Sebagai putri anggota DPR sekaligus model papan atas, Aurora Widjaja punya segalanya. Namun, hatinya justru jatuh pada Langit Ardiansyah, ajudan sang ayah yang kaku, dingin, dan sangat terikat protokol.
Bagi Langit, Aurora adalah tanggung jawab yang harus dijaga. Bagi keluarga Widjaja, hubungan dengan ajudan adalah skandal yang harus dihindari. Namun bagi Aurora, aturan dan kasta hanyalah rintangan yang siap ia tabrak.
Saat dunia melarangnya mendekat, Aurora justru memilih maju. Karena bagi seorang Aurora, mencintai Langit bukan lagi soal status, tapi soal hati yang sudah jatuh sedalam-dalamnya—to the bone.
“Mas Langit nggak usah repot-repot jaga jarak. Mau sejauh apa pun Mas lari, tujuannya tetep cuma satu: Jadi imam aku.”
Karya ini diterbitkan atas izin NovelToon Nadhira Ramadhani, isi konten hanyalah pandangan pribadi pembuatnya, tidak mewakili NovelToon sendiri
BAB 18
Lampu neon di langit-langit paviliun ajudan berkedip sekali sebelum menyala stabil, menerangi ruangan yang didominasi warna abu-abu dan furnitur fungsional. Langit melangkah masuk dengan sisa rasa cokelat yang masih tertinggal di ujung lidahnya—dan rasa hangat yang aneh di dadanya. Ia baru saja hendak meletakkan jasnya di sandaran kursi saat sebuah deheman keras menghentikan gerakannya.
Di sudut ruangan, Bintang sedang duduk di atas meja sambil mengayun-ayunkan kakinya, sementara Pak Bambang duduk santai di sofa kulit yang sudah agak pecah-pecah, pura-pura sibuk mengasah batu akik kesayangannya.
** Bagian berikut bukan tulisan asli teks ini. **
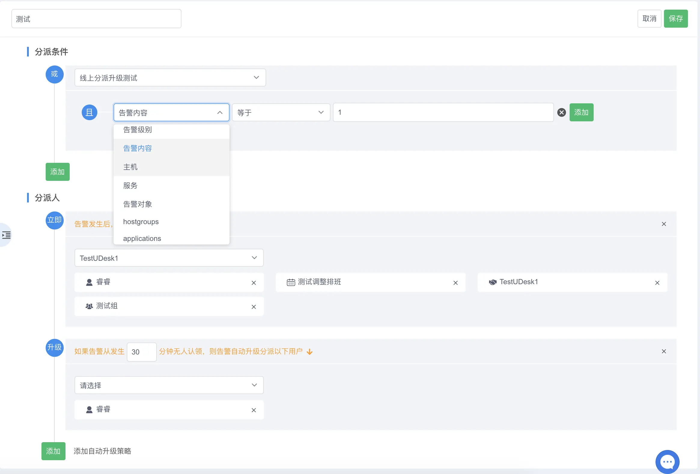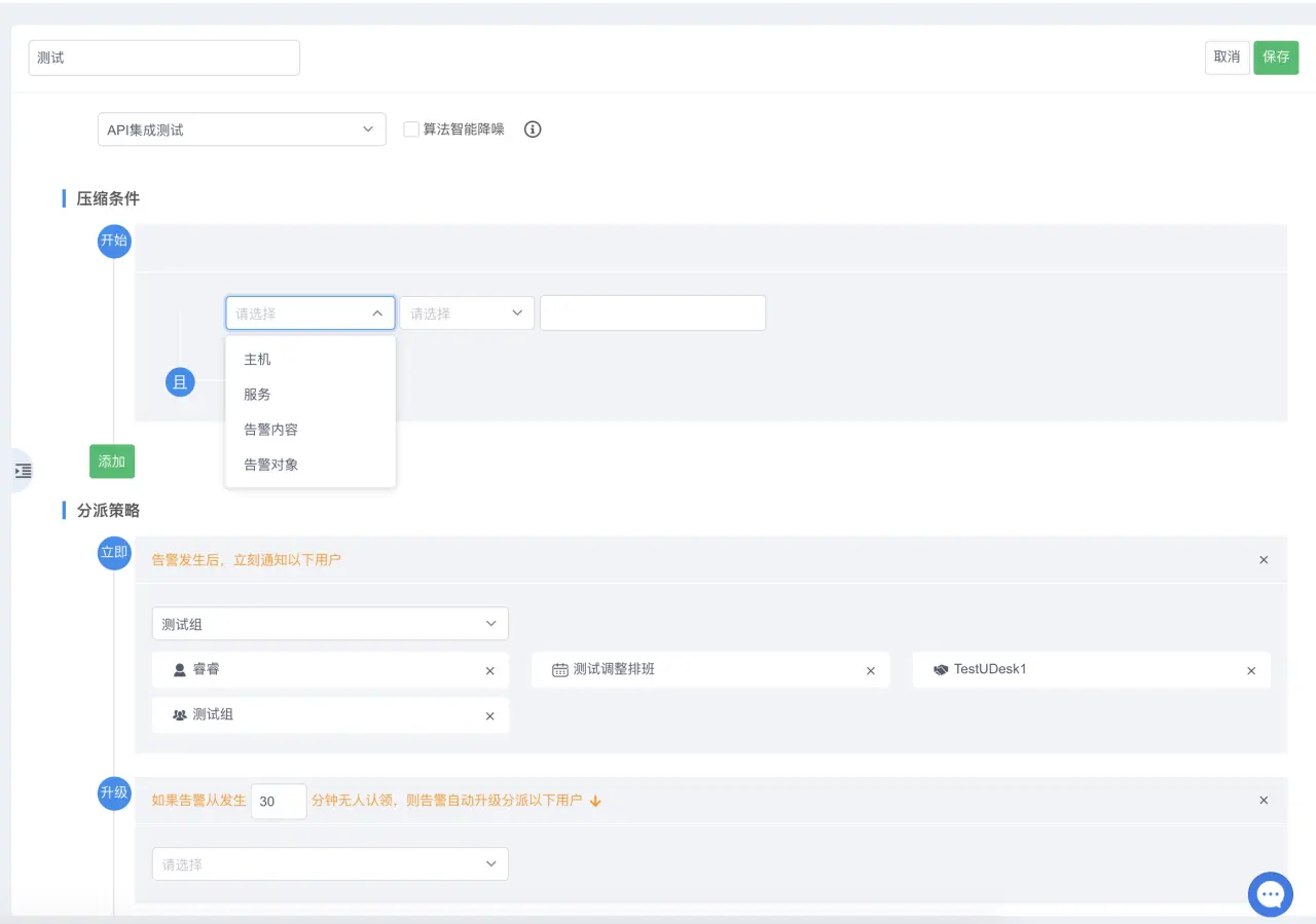 用户可以在分派策略中添加筛选条件,将指定的告警分派给指定的人,也可以分派给钉钉、值班人员、小组;并且可以添加分派升级策略,当告警指定时间内未被认领或关闭时,会通知到第二负责人。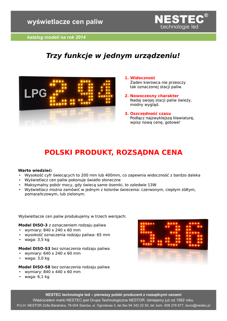 wyświetlacze cen paliw katalog modeli na rok 2014 Trzy funkcje w jednym urządzeniu! 1. Widoczność Żaden kierowca nie przeoczy tak oznaczonej stacji paliw. 2. Nowoczesny charakter Nadaj swojej stacji paliw świeży, modny wygląd. 3. Oszczędność czasu Podłącz najzwyklejszą klawiaturę, wpisz nową cenę, gotowe! POLSKI PRODUKT, ROZSĄDNA CENA Warto wiedzieć: • Wysokość cyfr świecących to 200 mm lub 400mm, co zapewnia widoczność z bardzo daleka • Wyświetlacz cen paliw pokonuje światło słoneczne • Maksymalny pobór mocy, gdy świecą same ósemki, to zaledwie 13W • Wyświetlacz można zamówić w jednym z kolorów świecenia: czerwonym, ciepłym żółtym, pomarańczowym, lub zielonym. Wyświetlacze cen paliw produkujemy w trzech wersjach: Model DISO-3 z oznaczeniem rodzaju paliwa • wymiary: 840 x 240 x 60 mm • wysokość oznaczenia rodzaju paliwa: 65 mm • waga: 3,5 kg Model DISO-S3 bez oznaczenia rodzaju paliwa • wymiary: 640 x 240 x 60 mm • waga: 3,0 kg Model DISO-S8 bez oznaczenia rodzaju paliwa • wymiary: 840 x 440 x 60 mm • waga: 6,1 kg NESTEC technologie led – pierwszy polski producent z rozsądnymi cenami Właścicielem marki NESTEC jest Grupa Technologiczna NESTOR. Istniejemy już od 1992 roku. P.U.H. NESTOR Zofia Barańska, 76-004 Sianów, ul. Ogrodowa 3, tel./fax 94 342 22 93, tel. kom. 608 276 677, [email protected] pierwszy polski producent z rozsądnymi cenami WYŚWIETLACZE SERII DISO – WYSOKOŚĆ 24cm i 44cm Model DISO-3 Wymiary zewn. (mm) Oznaczenie paliwa 840 x 240 x 60 tak Cena netto (PLN) 850,00 Model Wymiary zewn. (mm) Oznaczenie paliwa Cena netto (PLN) DISO-S3 640 x 240 x 60 nie 800,00 DISO-S8 840 x 440 x 60 nie 1 660,00 WYPOSAŻENIE OPCJONALNE Model Opis Cena netto (PLN) NKBD-5m Przedłużacz do klaw. 5mb 28,00 NKBD-10m Przedłużacz do klaw. 10mb 38,00 NKBD-15m Przedłużacz do klaw. 15mb 48,00 Model NLS Opis Czujnik oświetlenia Cena netto (PLN) 50,00 Podane ceny nie zawierają kosztów zakupu standardowej klawiatury komputerowej PS/2. Zgodnie z zasadami NESTEC, dotyczącymi stałego udoskonalania produktów, zastrzegamy sobie prawo do wprowadzania zmian w specyfikacji technicznej i cenniku bez wcześniejszego powiadomienia. Niniejszy cennik nie stanowi oferty w rozumieniu art. 71 kodeksu cywilnego. Podane ceny są cenami netto i należy do nich doliczyć 23% VAT.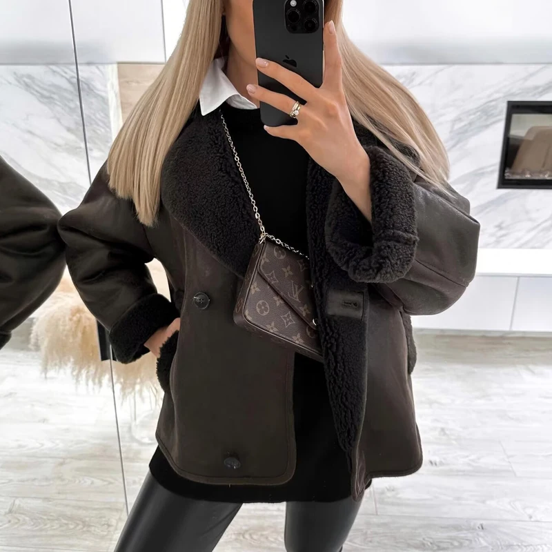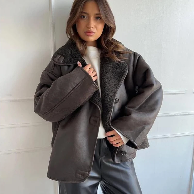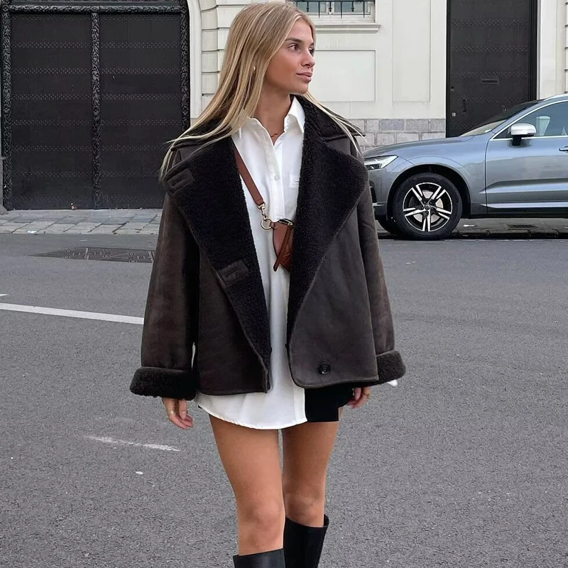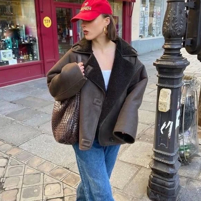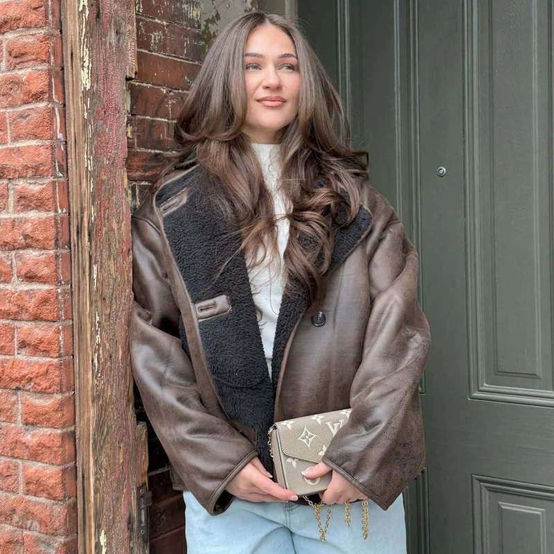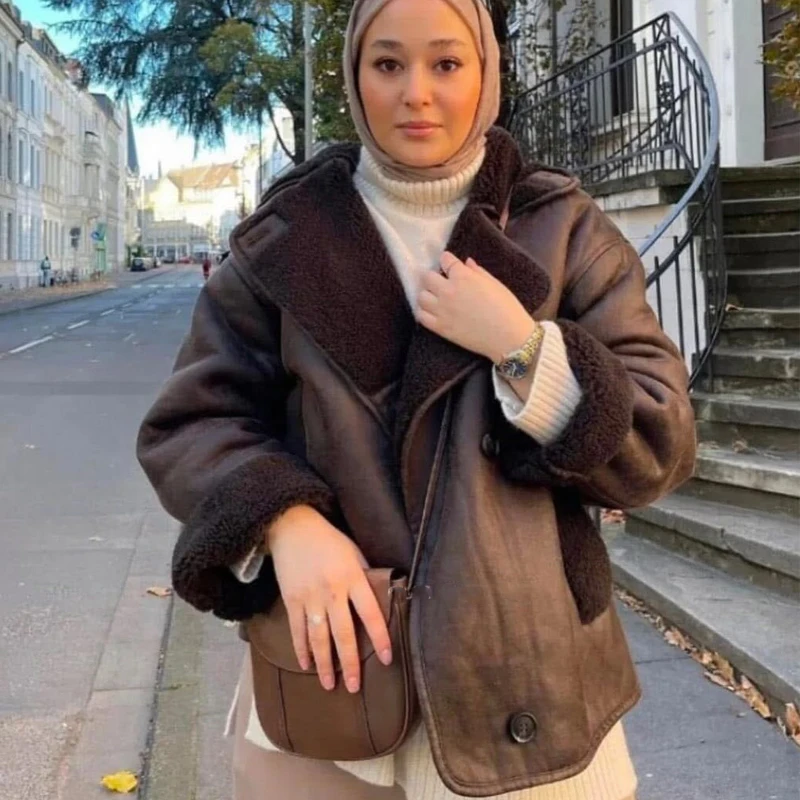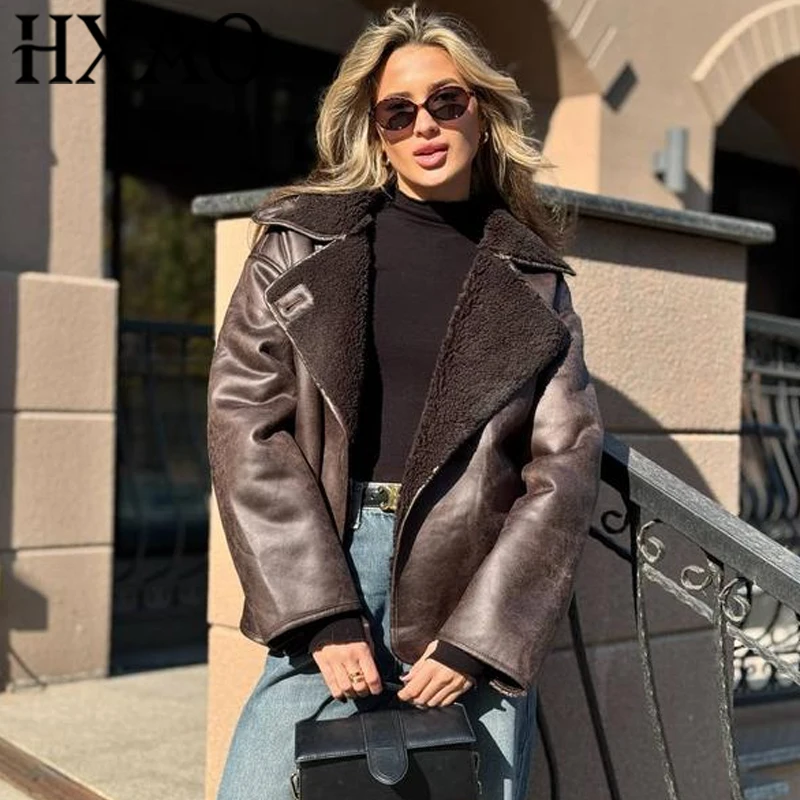 سترة منفوخة مقصوصة من HXAO للنساء سترات طيار ملابس خارجية معاطف من الصوف والخريف والشتاء سترة تويد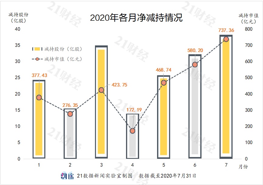 7月大盘开始上行,市场活跃,23个交易日中有20个交易日成交额突破万亿,股东减持金额也创出年内新高。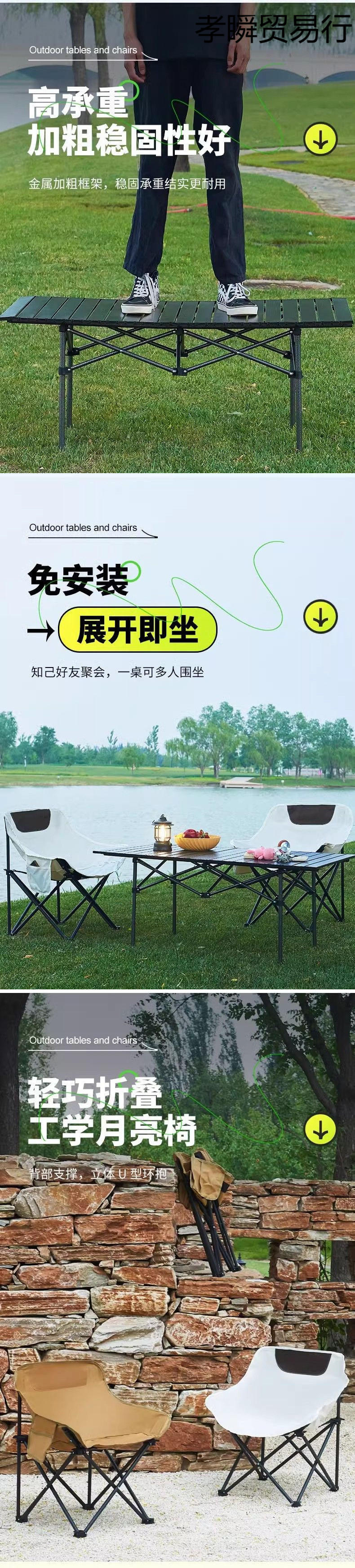 야외 다기능 접이식 테이블 및 의자 마구간 캠핑 기지 전체 장비 휴대용 의자 의자 세트스토어 가기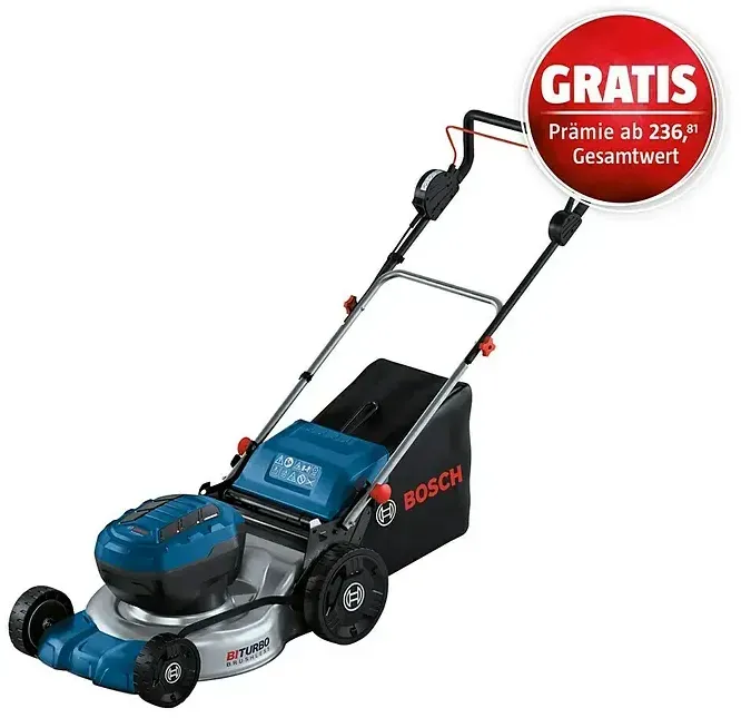 Bosch - EAN: 4059952654812 - Der Akku-Rasenmäher GRA 18V2-46 Professional mit BITURBO-Technologie von Bosch ist ein leistungsstarker und zuverlässiger Rasenmäher zur Pflege größerer Rasenflächen. Sein starker bürstenloser Motor läuft mit zwei 18V-Akkus, wie sie auch in den Akku-Werkzeugen verwendet werden und sorgt für hohe Leistung, längere Laufzeit und eine lange Lebensdauer. Der klappbare Handgriff ermöglicht ein platzsparendes Zusammenklappen des Mähers zum leichten Transportieren und problemlosen Lagern, sogar in senkrechter Position. Sein ergonomischer Griff mit Softgrip und 2-stufiger Höheneinstellung unterstützt eine gesündere Körperhaltung und macht die Arbeit bequemer. Der Rasenmäher hat eine Schnittbreite von 46cm und bietet eine zentrale 6-stufige Schnitthöheneinstellung von 30 bis 70mm. Das Stahl-Mähdeck des Mähers ist extrem robust, es hält auch höhere Lasten aus. Der 60 Liter Textil-Grasfangkorb und der Mulchstopfen bieten die Flexibilität, entweder den Grasschnitt zu sammeln oder ihn als natürlichen Dünger für den Rasen zu nutzen. - bei alternate.de - aus Yadore Produktdaten bueroplus.de bietet eine Aktion für 458.14 Euro inklusive Prämie nach Registrierung, was einen Mehrwert bietet. ![]() AKTION: BOSCH Professional GRA 18V2-46 Akku-Rasenmäher 18,0 V für bis zu 1000 m , ohne Akku mit Prämie nach Registrierung

"Gimana, Bang? Ada kemajuan?" ledek Bintang dengan cengiran lebar yang memamerkan deretan giginya. Matanya berkilat jahil, menatap Langit yang tampak kaku seketika.
Langit mengerutkan kening, mencoba memasang wajah "datar" andalannya. "Kemajuan maksudnya? Agenda Bapak besok sudah saya susun kalau itu yang kamu tanya."
"Halah!" Bintang melompat turun dari meja, berjalan mendekati Langit dengan gaya detektif amatir. "Maksud saya bukan agenda Bapak Anggara yang terhormat, Bang. Tapi agenda 'Mas Woo-seok' sama 'Non Bintang Film' di teras tadi. Wah, tadi saya lihat dari kejauhan ada adegan suap-suapan ya? Manis bener, kayak iklan sirup lebaran."
Wajah Langit yang biasanya pucat kini memerah hingga ke telinga. Ia berbalik membelakangi Bintang, pura-pura sibuk merapikan tumpukan berkas di meja kerja. "Kamu salah lihat, Bin. Tadi Non Aurora hanya sedang... memastikan rasa cokelat yang saya beli tidak kadaluarsa."
Pak Bambang tertawa terbahak-bahak sampai tersedak kopinya. "Aduh, Ngit, Ngit! Kamu itu kalau bohong jangan kelewat pinter. Masa ngecek kadaluarsa pakai disuapin segala? Pakai tatap-tatapan kayak mau syuting video klip lagi."
"Aduh... masa harus aku jelasin sih, Bang," sambung Bintang sambil merangkul bahu Langit yang tegang. "Itu tadi murni taktik lapangan tingkat tinggi. Bang Langit harusnya berterima kasih sama Pak Bambang. Kalau Pak Bambang nggak narik saya tadi, mungkin Bang Langit masih berdiri kaku kayak tiang jemuran di sana, nggak bakal dapet 'jatah' cokelat."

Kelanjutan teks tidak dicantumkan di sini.